A big part of improving productivity comes down to forming the right habits according to Depies, like how often a technician comes to the window for parts.
“The technician who comes to the parts window 5 times in the morning isn’t your 100% efficiency guy,” he says. “The technician who came up maybe once right at the beginning of the morning to get his parts was forward thinking and has the good habits needed to stay on course.
“For our younger team members who are trying to improve, we’re really trying to partner those guys next to more experienced technicians. That way they can ask questions instead of struggling alone.” Depies says with the ongoing pandemic making only minimal training possible, they’ve leaned heavily on the mentorship program in the last year.

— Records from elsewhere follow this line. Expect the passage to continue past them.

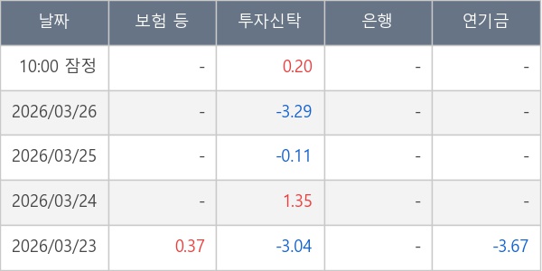 [표] 주요 기관별 순매매량 (단위 만주)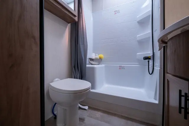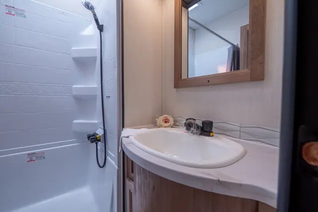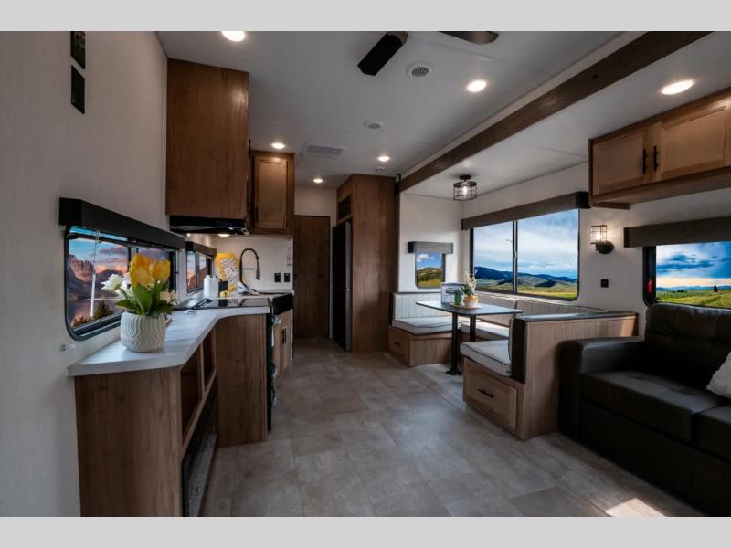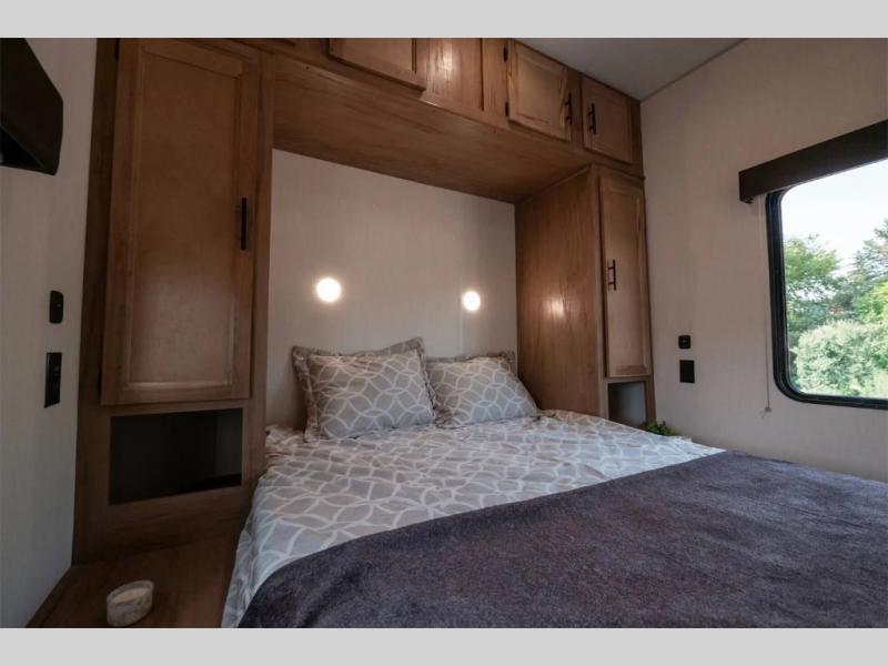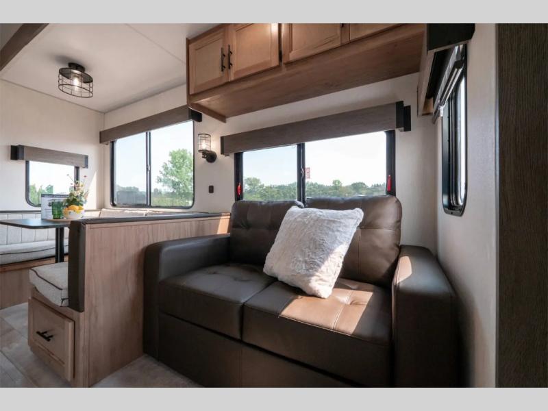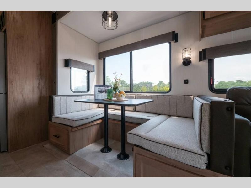 Enjoy comforts of home wherever you decide to roam in a Timberwolf destination trailer by Forest River. The seamless roofing membrane with heat reflectivity and power gear frame technology provide a durable foundation to your RV. You will also appreciate the exclusive solar thermo controlled reflective tinted safety glass windows, tire pressure monitors, and an on-demand tankless water heater to make extended stays easier than ever. Inside, the night shades will provide your crew with privacy, while the LED lights illuminate your space. There are also seamless countertops, along with a premium bedding ensemble and comforter, USB charging stations, a supersized central A/C unit, and many more comforts!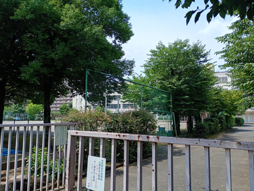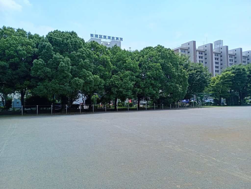 校庭からは高島平団地や板橋区医師会病院が見えます。

Depies focuses on increasing parts margins and labor rates when working on the dealership’s absorption rate and says their current goal is getting into a flat rate system. He says their absorption for 2020 was a little under 90%.
“There’s only so far you can go on absorption with pricing structures,” he says. “We’re trying to buy everything right and have the most margin possible when we sell on the parts side. We’re making sure our labor rate makes sense for our expenses and what we can actually get in the marketplace.

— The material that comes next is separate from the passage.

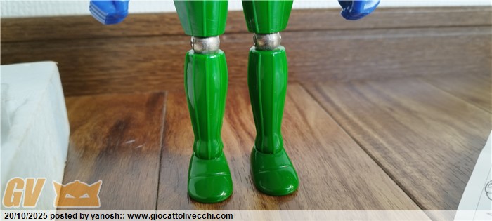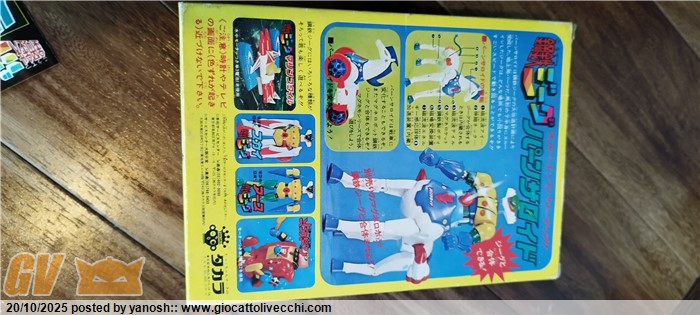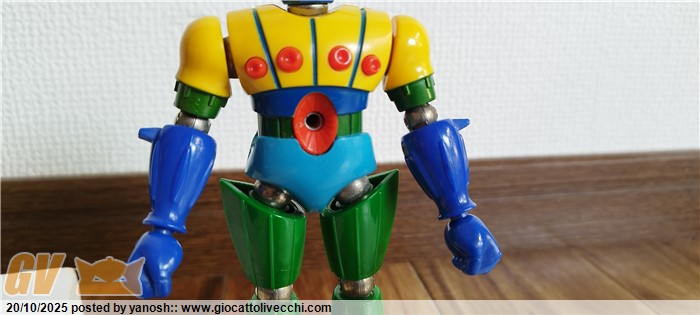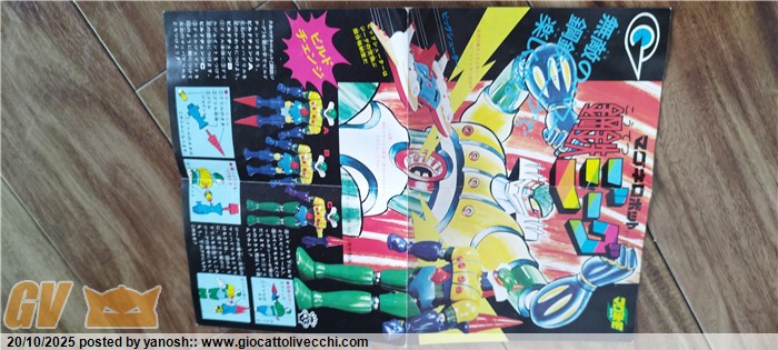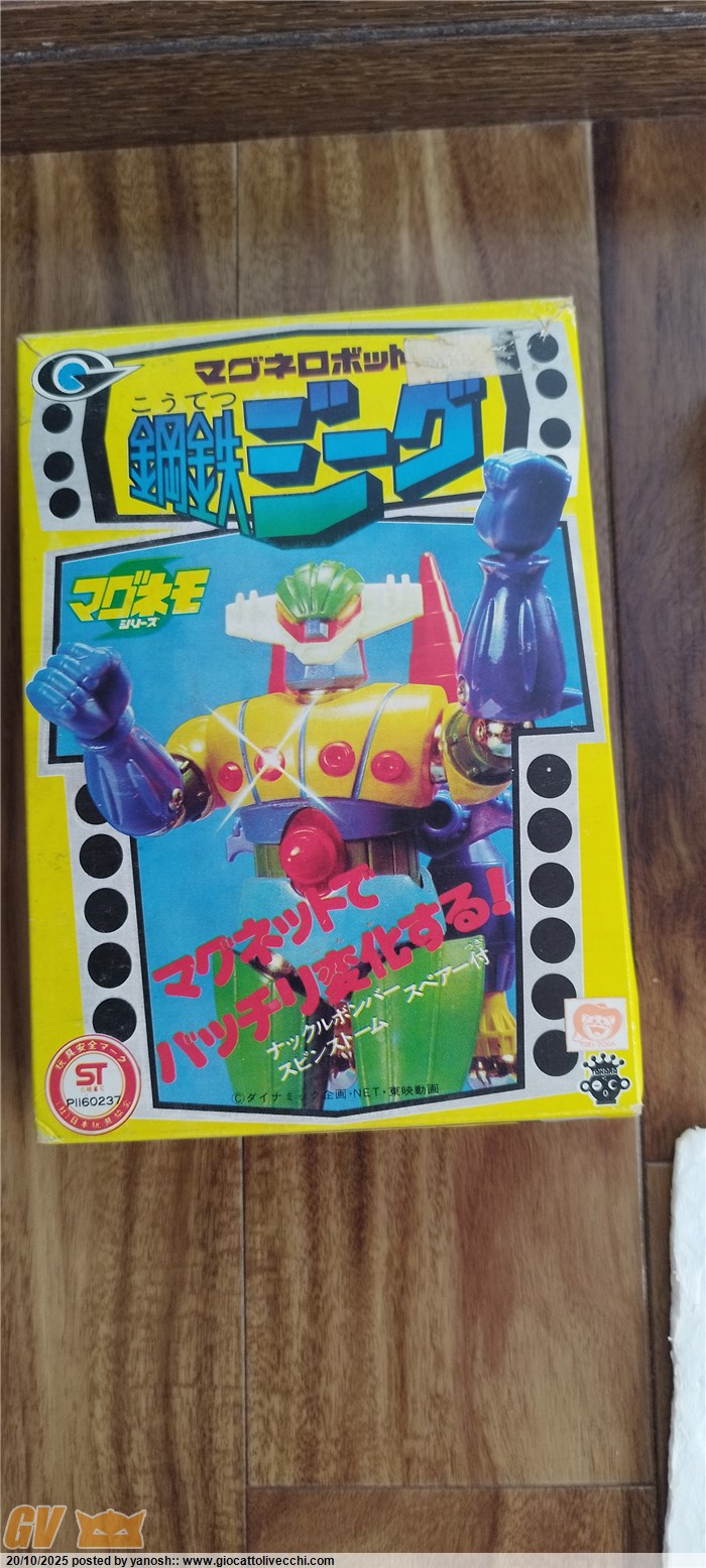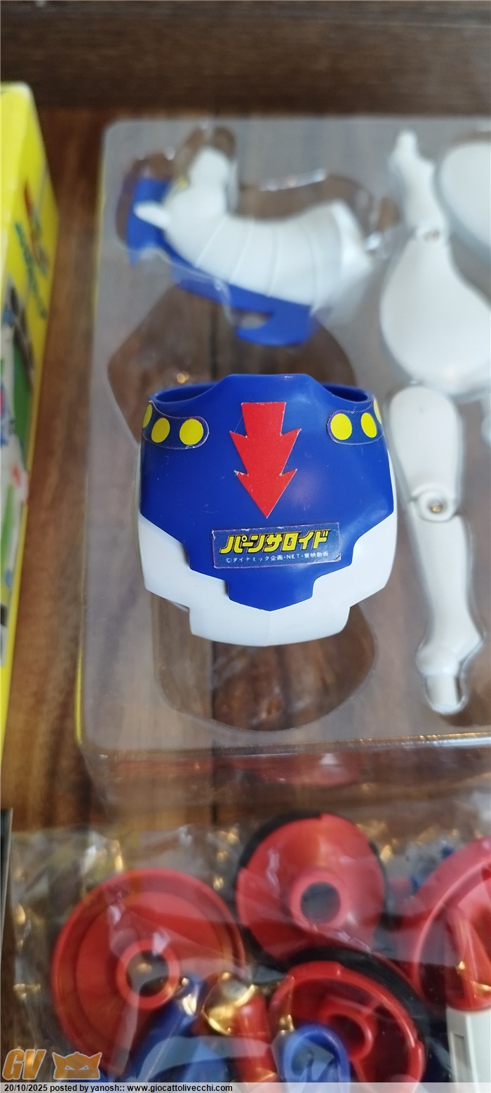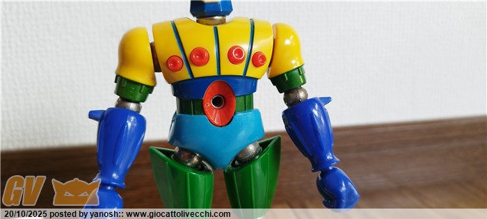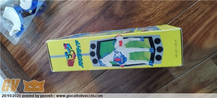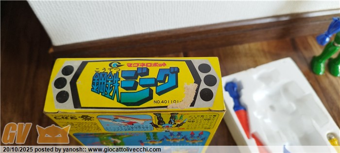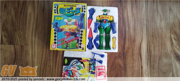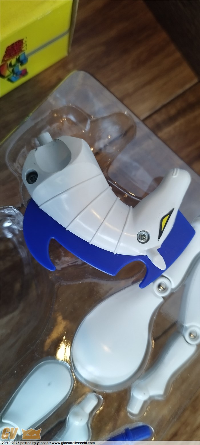 Robot Completo, bello , rigido. Un missile e due pugni sui telai. Polistirolo bello integro, catalogo bello, scatola al di sopra della media, abbastanza rigida. Coperchio presente. Molto raro in queste condizioni.

“The technician who comes to the parts window 5 times in the morning isn’t your 100% efficiency guy…”
“Once those two things are maxed out, you’re at the mercy of figuring out how to beat a flat rate. For example, looking at pre-delivery inspections, we’re figuring out how to have a consistent process with the same labor for all our techs. Part of that is just being more consistent with internal repairs and pre-deliveries and setting goals.”
Accountability & the Basics
Ritchie, co-store manager, talks about the future of their incentive program, which he says is getting an overhaul because the goals weren’t challenging enough.

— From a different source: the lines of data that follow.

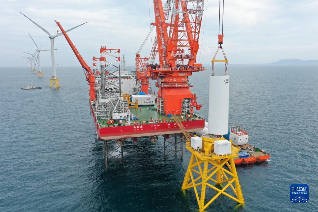 當日,在福建平潭外海,全球首臺16兆瓦大容量海上風(fēng)電機組開(kāi)始安裝。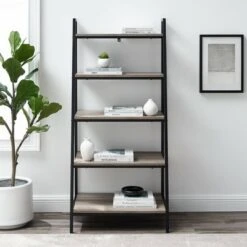 72″ Open Storage Ladder Bookshelf – Saracina Home Dark Walnut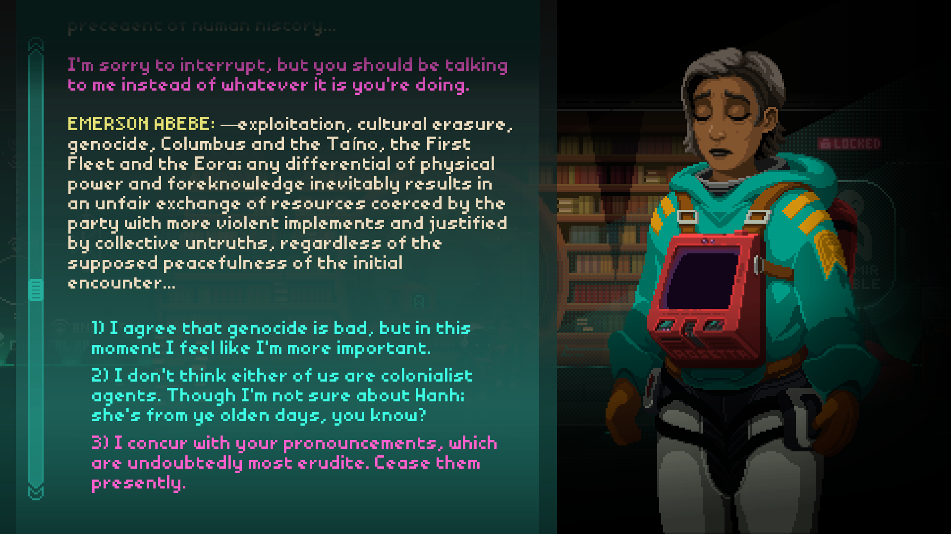 - I also appreciate how she talks about how not limiting oneself to make others comfortable- I also noticed that certain dialogue repeats itself here until the "human ingenuity is truly limitless" part- if there was a way to indicate what I've already selected (and what moves someone on from a conversation versus keeps them there) that'd be helpful because I am so the type to play to see everything :)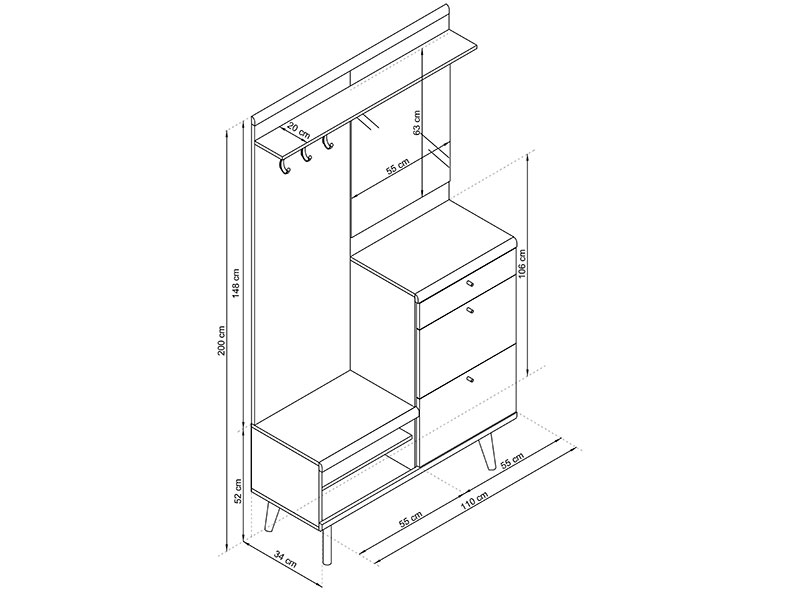 Компактно портманто с елегантен дизайн изработено в красива двуцветна комбинация от дървесен декор (дъб ривера) и бяло мат.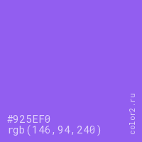 Цвет #925EF0 в цветовой модели RGB обозначается тремя октетами (146, 94, 240) в десятичном формате и #925EF0 в шестнадцатиричном (hex) формате, которые являются интенсивностью красного 146 (hex 92), интенсивность зелёного 94 (hex 5E) и интенсивность синего 240 (hex F0).
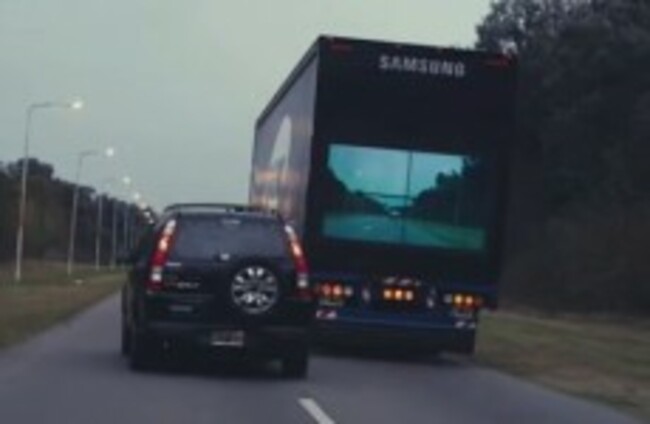 Last week, the electronics company shared a blog post about its Safety Truck – a trailer-truck that has a wireless camera in the front and four giant screens on the back to display its front view to cars behind it.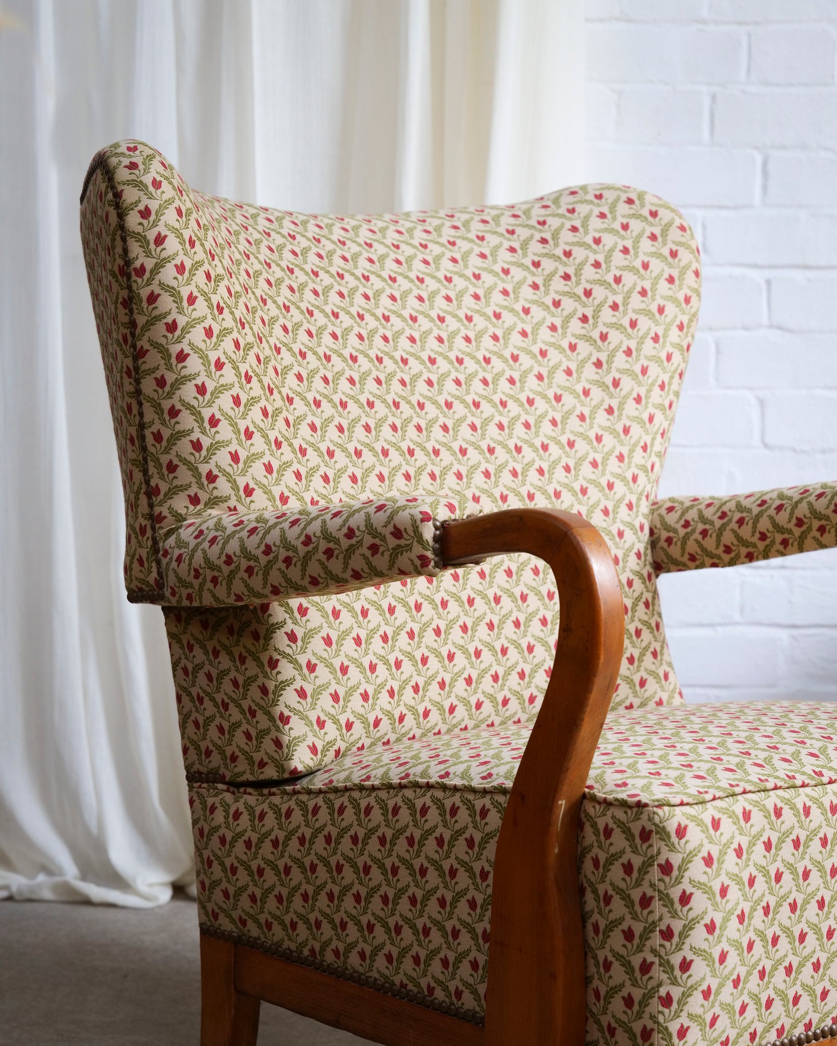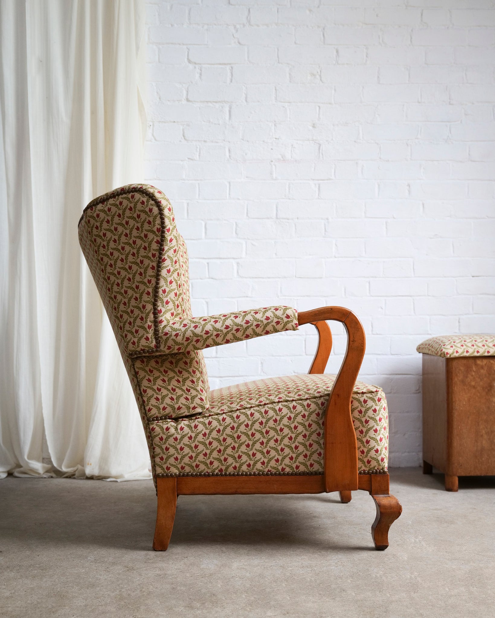 A beautiful wingback walnut armchair with immaculate tulip floral Upholstery.

“Our old structure just didn’t work,” he says. “Because we were not challenging the technicians, and we weren’t holding anyone accountable.”
“We’re going back to the basics,” adds Depies. “We’re going to focus on paperwork and processes, everything that you’re not turning a wrench on. If we can get our service processes in place, the labor side will come together.”
Depies adds that putting expectations down on paper is key, something Ritchie’s hadn’t done before.
“It’s going to be front-to-back, getting the service team, technicians and the parts department everything they need so we can get all three communicating,” he says. “Right now, for example, we’re probably not the smoothest with incoming parts, so there’s a bottleneck where staff are standing around waiting for parts that someone just needs to bring to them.”
Marrying Technology to Technicians
In addition to their mentorship mindset with younger technicians, Ritchie Implement also looks to put technology-minded staff with technicians who are more “nuts and bolts” oriented, in order to cut down on lost time.
“Technology is a huge time consumer in the service department,” says Depies. “Especially if staff aren’t familiar with it. We have employees who really tip-toe around it, who take a bit longer and maybe don’t have it the way it should be when it leaves the door.
“So we always partner up our ‘nuts and bolts’ technicians with our technology specialists, and they’ll work together to get it done. It’s about spreading our people to where they’re their best and not being afraid to throw two different people on a project. This teamwork is definitely where we see things trending, because the work only gets more and more complicated, and you can’t have 25 technicians trained on one product.”